Question 2: We would like to know which "kinds" of players are most likely to contribute a large amount of data so that we can target those players in our recruiting efforts.

Question 3: We are interested in demand forecasting, namely, what time windows are most likely to have large number of simultaneous players. This is because we need to ensure that the number of licenses on hand is sufficiently large to accommodate all parallel players with high probability. 

In your project, you will select one of these broad questions and use it to formulate a specific question using some of the variables in the dataset.  Your project should answer your specific question." (CANVAS)

For this project, the question we will be focusing on is **Question 2**. More specifically, using the `players.csv` dataset, we will be looking at the total `played_hours` to find if the level of `experience` impacts which players contribute the most data to the research. 

## Data Description: The Players

The aforementioned research group has collected data on the people who have signed up to play on the MineCraft server.

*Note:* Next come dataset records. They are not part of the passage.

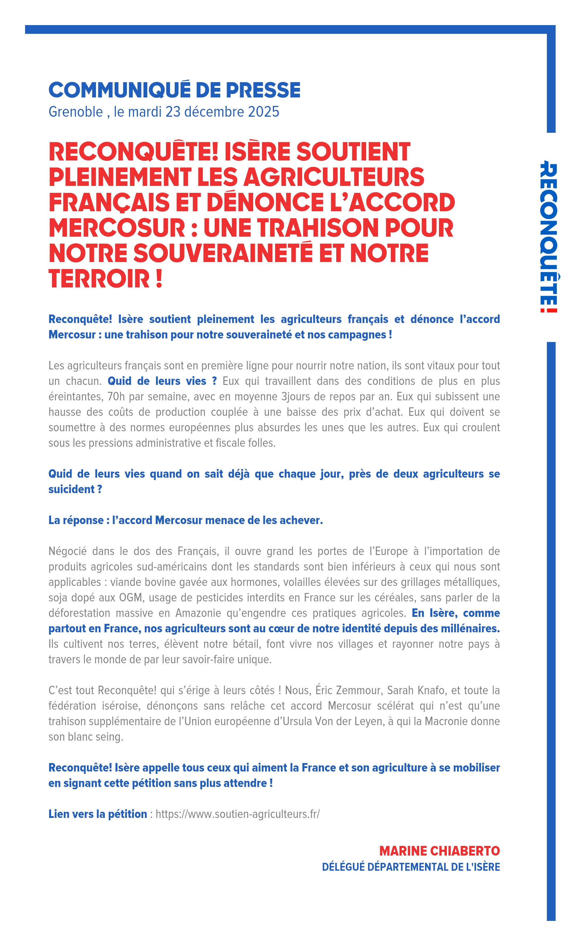 C’est tout Reconquête! qui s’érige à leurs côtés ! Nous, Éric Zemmour, Sarah Knafo, et toute la fédération iséroise, dénonçons sans relâche cet accord Mercosur scélérat qui n’est qu’une trahison supplémentaire de l’Union européenne d’Ursula Von der Leyen, à qui la Macronie donne son blanc seing.
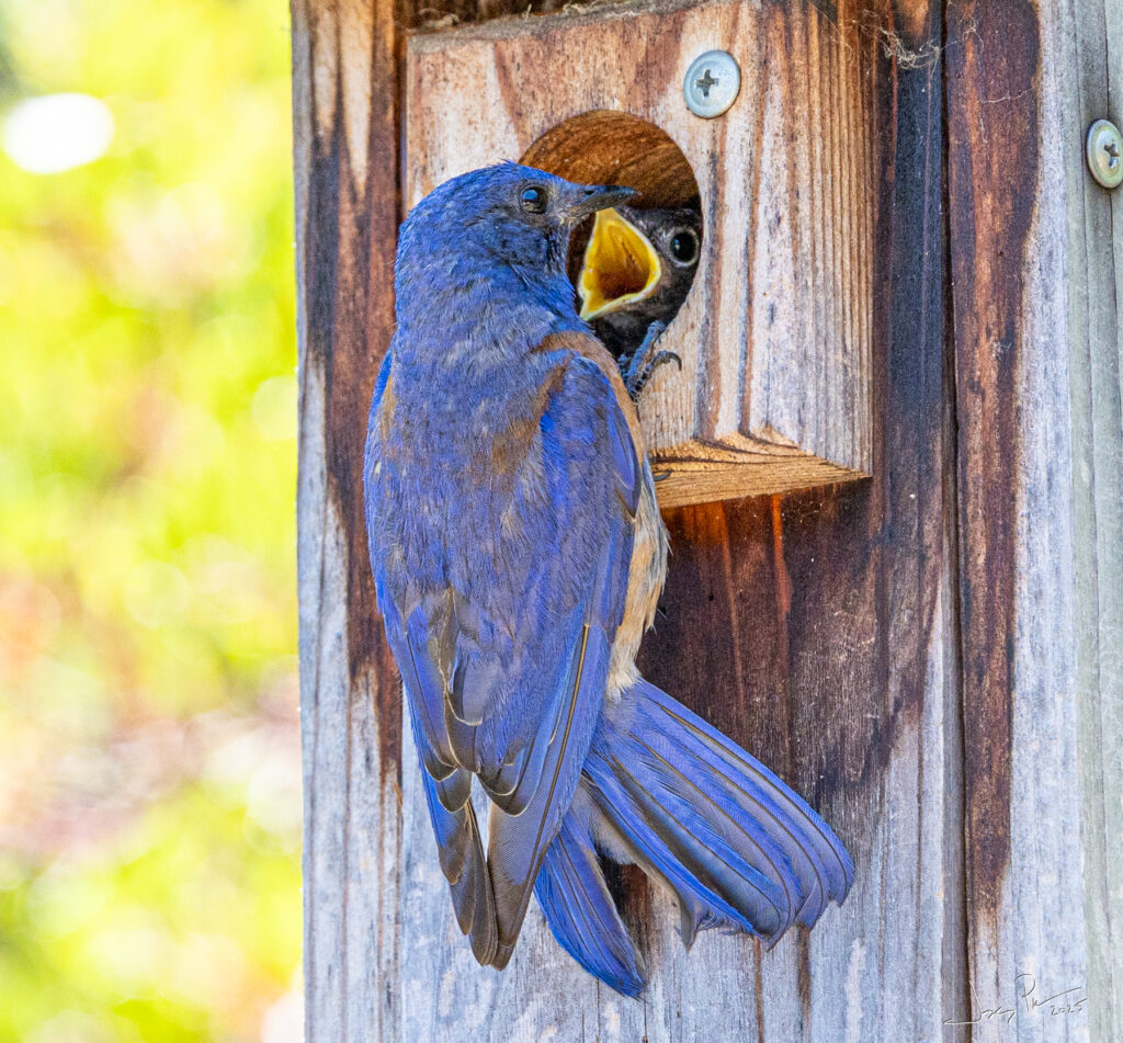 This year the main birdhouse had TWO families created: the first a Oak Titmouse and then a Bluebird family took it over.
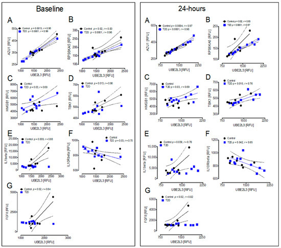Correlations at baseline and at 24 h for the 15 inflammation and 1 oxidative stress markers with UBE2L3: in T2D at 24 h, UBE2L3 correlated positively with AZU1 (r = 0.98, p < 0.0001), RPS6KA5 (r = 0.97, p < 0.0001), HMGB1 (r = 0.69, p < 0.03), and TBK1 (r = 0.76, p < 0.01), and negatively with IL10Rbeta (r = −0.65, p < 0.05) (Figure 7A–D,F). In controls at 24 h, UBE2L3 correlated positively with AZU1 (r = 0.97, p < 0.001), RPS6KA5 (r = 0.83, p < 0.05), IL1beta (r = 0.78, p < 0.05), and FGF8 (r = 0.82, p < 0.05) (Figure 7A,B,E,G). When comparing the correlations of those markers at 24 h with the correlations at baseline, the same correlations were seen for both T2D and controls for AZU1, RPS6KA5, HMGB1, IL1beta, IL10Rbeta, and FGF8 (Figure 7A–C,E–G), and only differed for TBK1, which correlated in T2D at 24 h but not at baseline, and did not correlate with controls at 24 h, despite correlating at baseline (Figure 7D).

In search of optimizing their recruitment efforts, they have collected the data below to help find what demographics are most likely to play the most. 

- Number of observations (rows): 196 (each row represents one unique player)  
- Number of variables (columns): 7 (after cleaning: `individualId` and `organizationName` removed)  
- Observational unit: Player-level data (each row = one player)
- Purpose: Used to explore how player characteristics relate to their total data contribution.


The columns in the dataset are:
 
- `experience` - The level of self-proclaimed experience a player has
- `subscribe` - If the player wants to suscribe to the game-related newsletter
- `hashedEmail` - The players email, hashed for privacy
- `played_hours` - Amount of hours played
- `name` - Name of player
- `gender` - Gender of player
- `age` - Age of player


Issues

- Missing data:  variables `individualId`, `organizationName` were entirely missing.  
- Identifiers: `hashedEmail` is anonymized
- Measurement bias: `played_hours` could include idle time, which would overestimate engagement. 

The original dataset is here: https://drive.google.com/file/d/1Mw9vW0hjTJwRWx0bDXiSpYsO3gKogaPz/edit 

## Data Description: The Sessionss

The aforementioned research group has collected data on what time of day and for how long players will be on the server. In order to accomadate a large number of simultaneous players, we will be looking at when are peak play hours using the `sessions.csv` dataset. 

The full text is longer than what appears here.